───── STORED DATA

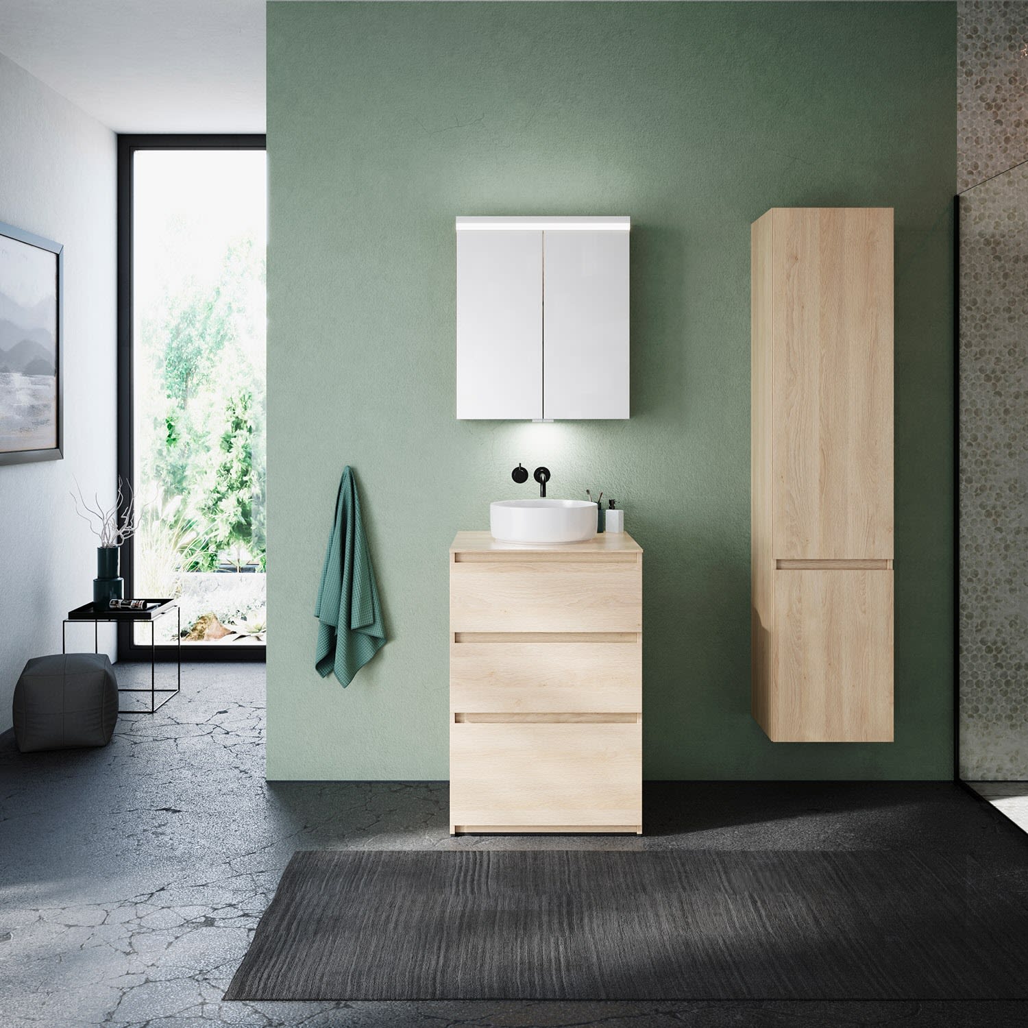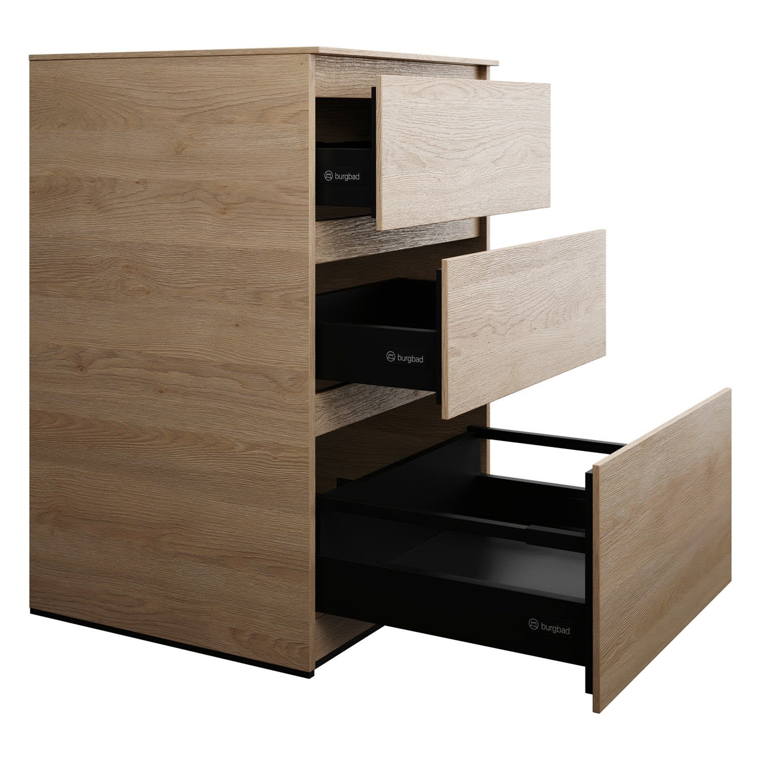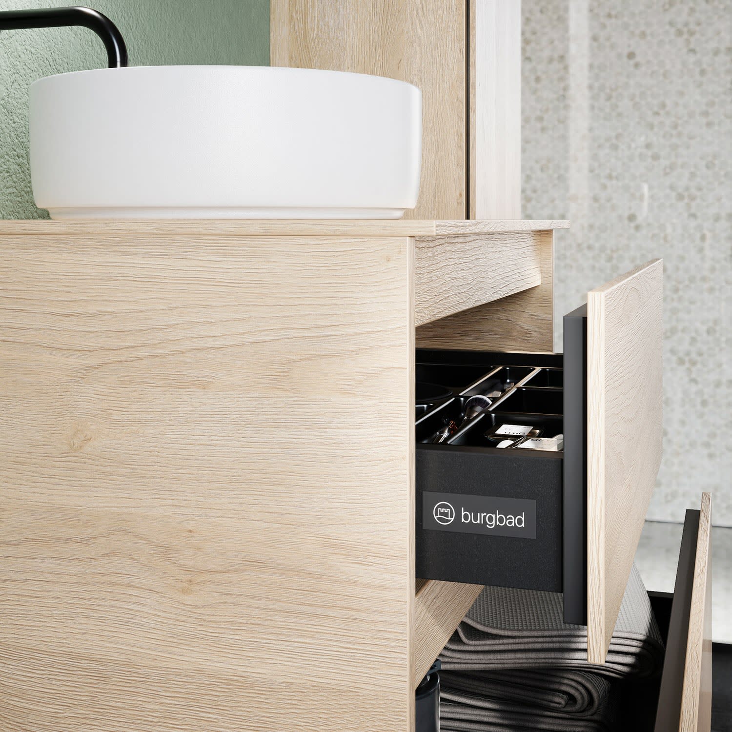 burgbad Lin20 Waschtischunterschrank mit Konsolenplatte 60 cm, 3 Auszüge, Beckenausschnitt mittig
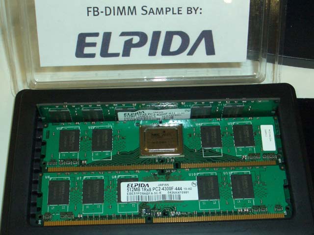 전시장 NEC Electronics America 부스에 있던 Elpida 제 FB-DIMM. 중앙 버퍼 / 인터페이스 칩 (AMB 칩)을 NEC Electronics America가 제공한다. 같은 칩은 Infineon 등도 발표하고 있다
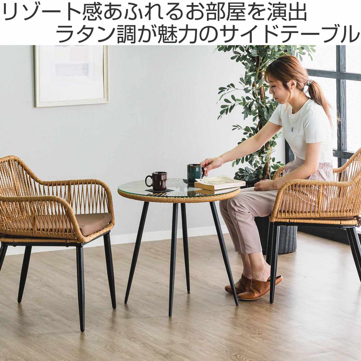 人工ラタンとガラス、ブラックスチールの組み合わせが絶妙なサイドテーブルです。ラタン調のデザインが置くだけでリゾート感を演出。ゆったりとした癒しのひとときをお過ごしいただけます。天板のガラスが涼しさと抜け感を生み、スリムなスチール脚がすっきりとした印象を与えるため、圧迫感が少なく、お部屋も広々と感じられます。
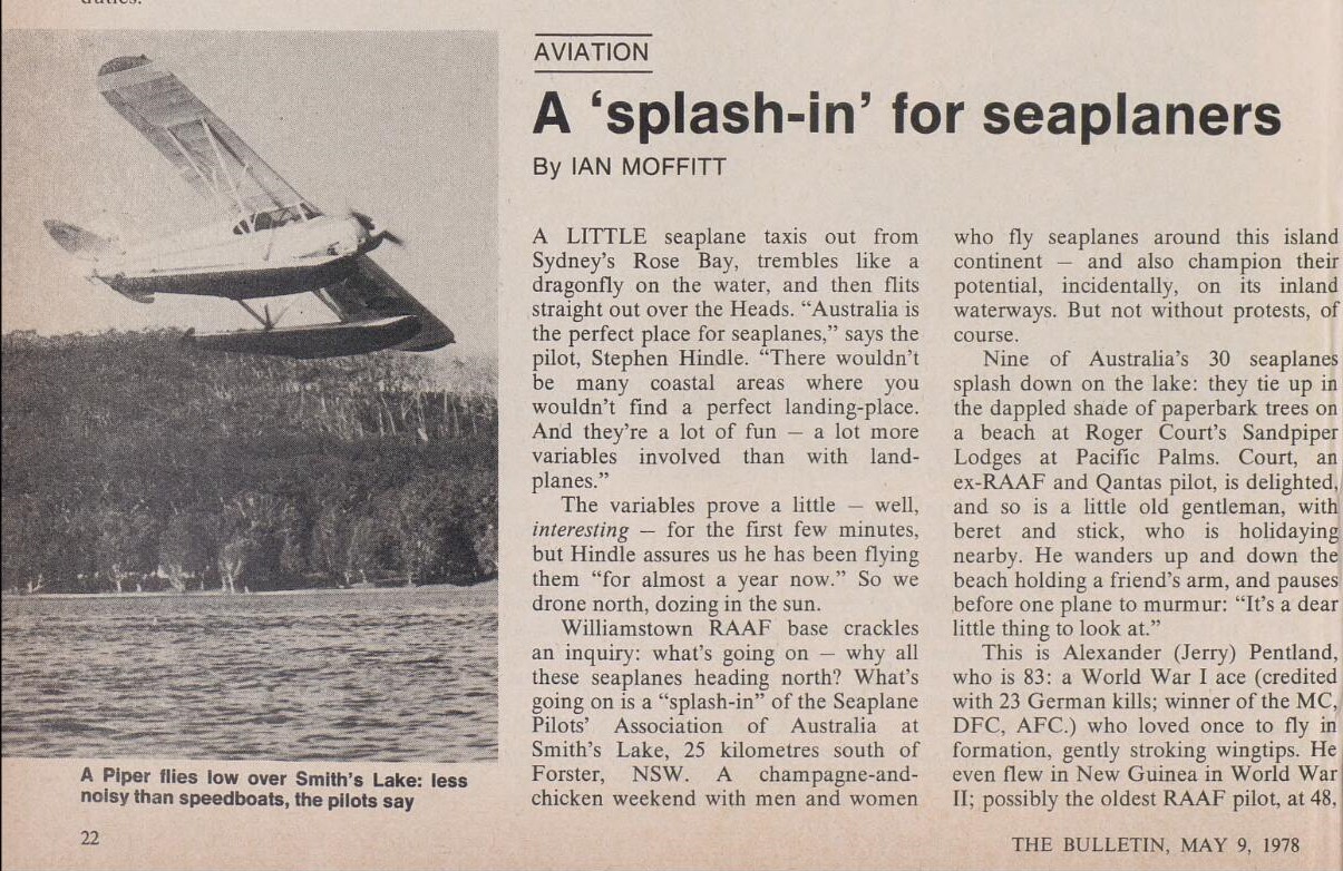 It appears that the floatplane operation, I conducted from the Myall River a few weeks ago, was newsworthy enough to make the Newcastle Herald. The local correspondent of this Newspaper (The Herald), does not check the facts. The report stated together with items of less concern, that a trawler had been forced to swerve to avoid a collision. At no time did any craft of any sort have to take avoiding action. At no time was a landing or take-off carried out with any craft manoeuvring on the water way, and on some occasions, I delayed five or ten minutes, to ensure a clear run. There were reputable people observing every takeoff and every landing from the shore. Moreover, I asked all persons I met, for their opinions, regarding the flights and not one made a criticism, in fact they were unanimously enthusiastic. Now, if there were residents who objected, who were they, and to whom did they object?

──────────

• [PROBLEM TO WORK ON]:
Only an exact copy of the lines from the one with "전시장 NEC Electronics" through the last line of the data above is wanted, and no pictures.

• [OUTPUT FOR THIS TASK]:
 전시장 NEC Electronics America 부스에 있던 Elpida 제 FB-DIMM. 중앙 버퍼 / 인터페이스 칩 (AMB 칩)을 NEC Electronics America가 제공한다. 같은 칩은 Infineon 등도 발표하고 있다
 人工ラタンとガラス、ブラックスチールの組み合わせが絶妙なサイドテーブルです。ラタン調のデザインが置くだけでリゾート感を演出。ゆったりとした癒しのひとときをお過ごしいただけます。天板のガラスが涼しさと抜け感を生み、スリムなスチール脚がすっきりとした印象を与えるため、圧迫感が少なく、お部屋も広々と感じられます。
 It appears that the floatplane operation, I conducted from the Myall River a few weeks ago, was newsworthy enough to make the Newcastle Herald. The local correspondent of this Newspaper (The Herald), does not check the facts. The report stated together with items of less concern, that a trawler had been forced to swerve to avoid a collision. At no time did any craft of any sort have to take avoiding action. At no time was a landing or take-off carried out with any craft manoeuvring on the water way, and on some occasions, I delayed five or ten minutes, to ensure a clear run. There were reputable people observing every takeoff and every landing from the shore. Moreover, I asked all persons I met, for their opinions, regarding the flights and not one made a criticism, in fact they were unanimously enthusiastic. Now, if there were residents who objected, who were they, and to whom did they object?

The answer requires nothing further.